Breaking Down Binary Ninja’s Low Level IL

Hi, I’m Josh. I recently joined the team at Trail of Bits, and I’ve been an evangelist and plugin writer for the Binary Ninja reversing platform for a while now. I’ve developed plugins that make reversing easier and extended Binary Ninja’s architecture support to assist in playing the microcorruption CTF. One of my favorite features of Binary Ninja is the Low Level IL (LLIL), which enables development of powerful program analysis tools. At Trail of Bits, we have used the LLIL to automate processing of a large number of CTF binaries, as well as automate identifying memory corruptions.

I often get asked how the LLIL works. In this blog post, I answer common questions about the basics of LLIL and demonstrate how to use the Python API to write a simple function that operates on the LLIL. In a future post, I will demonstrate how to use the API to write plugins that use both the LLIL and Binary Ninja’s own dataflow analysis.

What is the Low Level IL?

Compilers use an intermediate representation (IR) to analyze and optimize the code being compiled. This IR is generated by translating the source language to a single standard language understood by the components of the toolchain. The toolchain components can then perform generic tasks on a variety of architectures without having to implement those tasks individually.

Similarly, Binary Ninja not only disassembles binary code, but also leverages the power of its own IR, called Low Level IL, in order to perform dataflow analysis. The dataflow analysis makes it possible for users to query register values and stack contents at arbitrary instructions. This analysis is architecture-agnostic because it is performed on the LLIL, not the assembly. In fact, I automatically got this dataflow analysis for free when I wrote the lifter for the MSP430 architecture.
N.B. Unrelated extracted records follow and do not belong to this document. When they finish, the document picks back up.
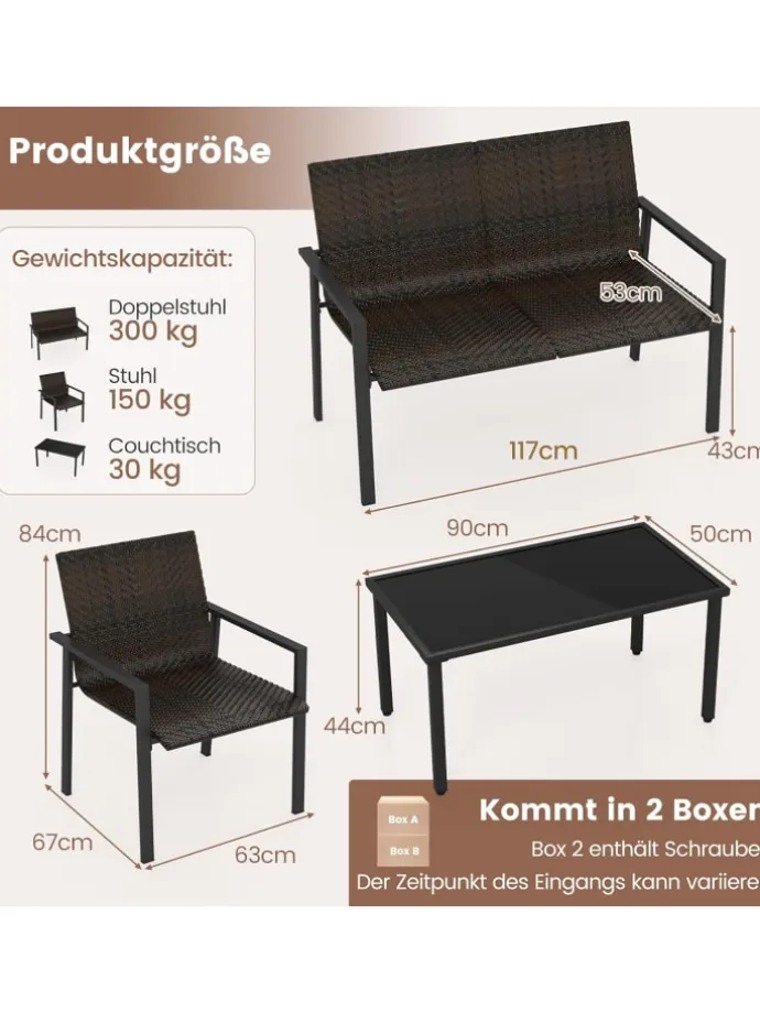 Material: Metall, PE-Rattan, gehärtetes Glas
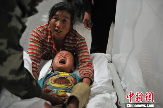 8月4日,在地震中受伤的孩子在医院接受救治。3日云南省鲁甸县遭遇6.5级强震。 任东 摄
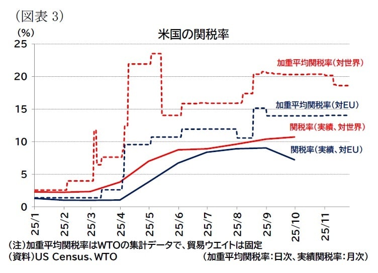 一方で、国際緊急経済権限法(IEEPA)に基づくトランプ関税の合法性が係争中であり、またEU側のエネルギーや投資拡大が現実的ではなく、今後合意内容を巡って摩擦が強まる可能性があるといった関税をめぐる不確実性も引き続き残っている。
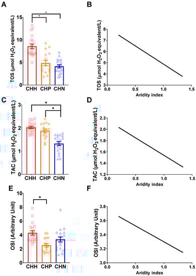 The relationship between oxidative markers and the aridity index between three different wild-caught mole-rats, namely common mole-rats, Cryptomys hottentotus hottentotus (CHH—red with squares), highveld mole-rats, C. h. pretoriae (CHP—orange with diamonds) and the Natal mole-rat, C. h. natalensis (CHN—blue with triangles) for (A,B) total oxidant status (TOS), (C,D) total antioxidant activity (TAC), and (E,F) oxidative stress index (OSI). Bars represent the mean ± s.e.m. An asterisk (*) indicates significance (p ≤ 0.05).
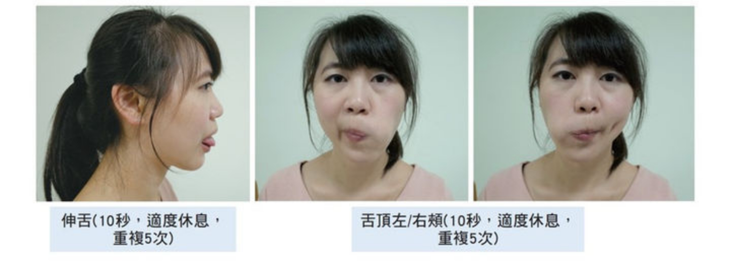 c. 舌部運動:舌頭前伸、縮回、抬高頂上顎、向上捲、推兩側臉頰、做清潔牙齒動作。練習發音,如ㄉ、ㄊ、ㄐ、ㄑ、ㄒ等音。
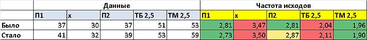 Как видим, исход П1 до 14 тура был на уровне частоты 2,81, сейчас стал 2,73. А в среднем по сезону должно быть на уровне 2,28. Т.е. и дальше будет тренд на П1, который нужно ловить!
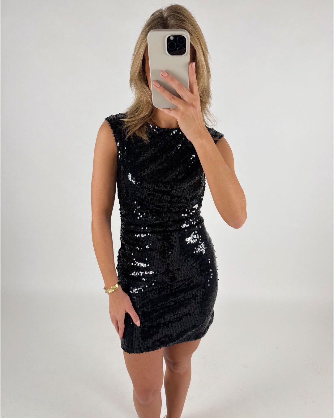 En person tager et selfie iført en sort palietkjole i et lyst rum. Personen har lyst hår og holder en telefon med begge hænder.
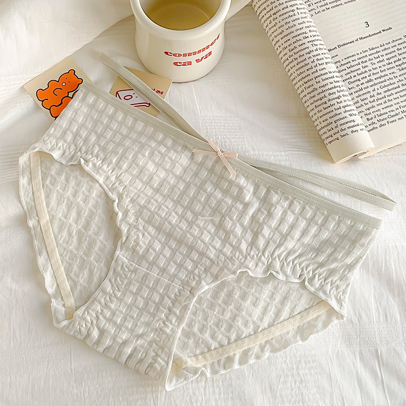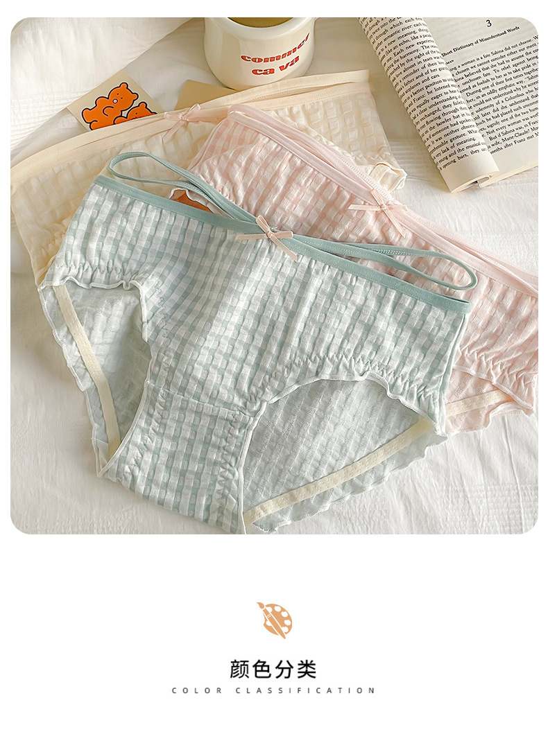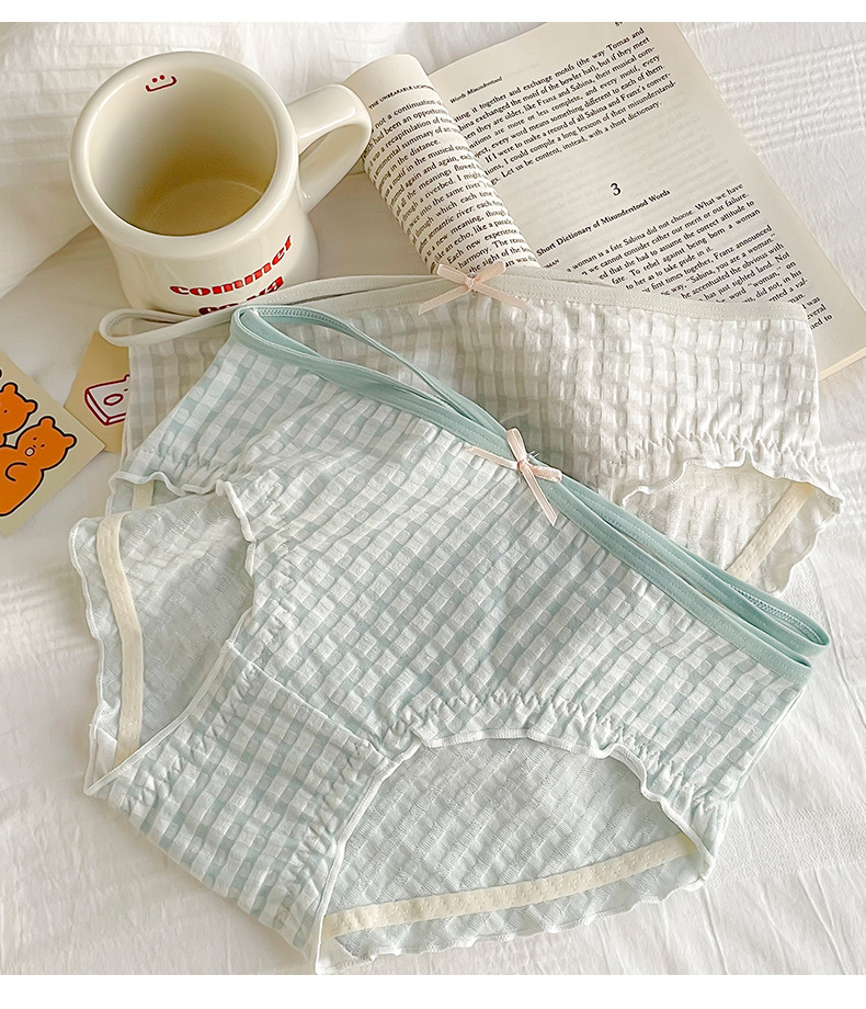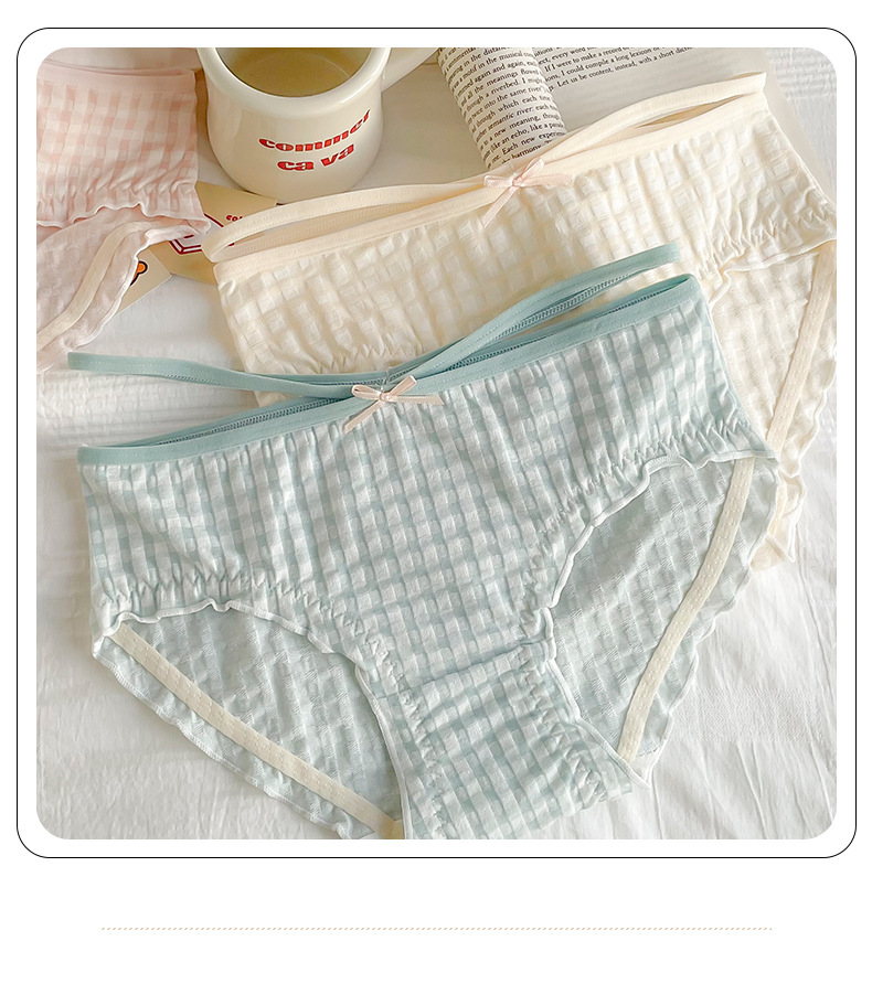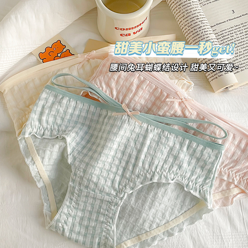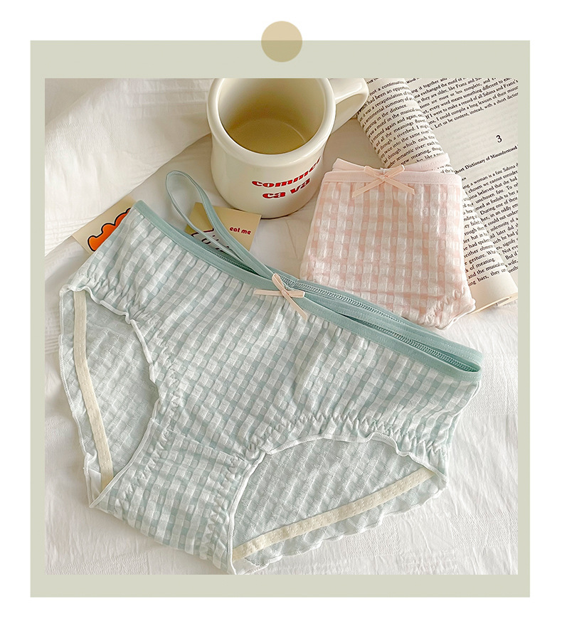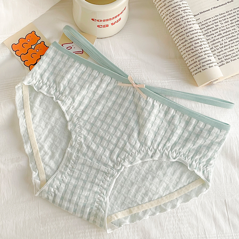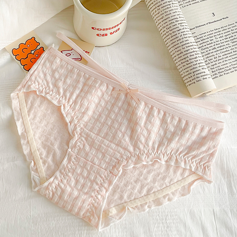 일본식 격자 무늬 면 가랑이 팬티 여성용 달콤한 원활한 통기성 미디엄 로우 웨이스트 귀여운 소녀 학생 피부 친화적 팬티

Let’s jump right in and see how the Low Level IL works.

Viewing the Low Level IL

Within the UI, the Low Level IL is viewable only in Graph View. It can be accessed either through the “Options” menu in the bottom right corner, or via the i hotkey. The difference between IL View and Graph View is noticeable; the IL View looks much closer to a high level language with its use of infix notation. This, combined with the fact that the IL is a standardized set of instructions that all architectures are translated to, makes working with an unfamiliar language easy.

arm-x64-il-comparison.png

Graph View versus IL View; on the left, Graph View of ARM (top) and x86-64 (bottom) assembly of the same function. On the right, the IL View of their respective Graph Views.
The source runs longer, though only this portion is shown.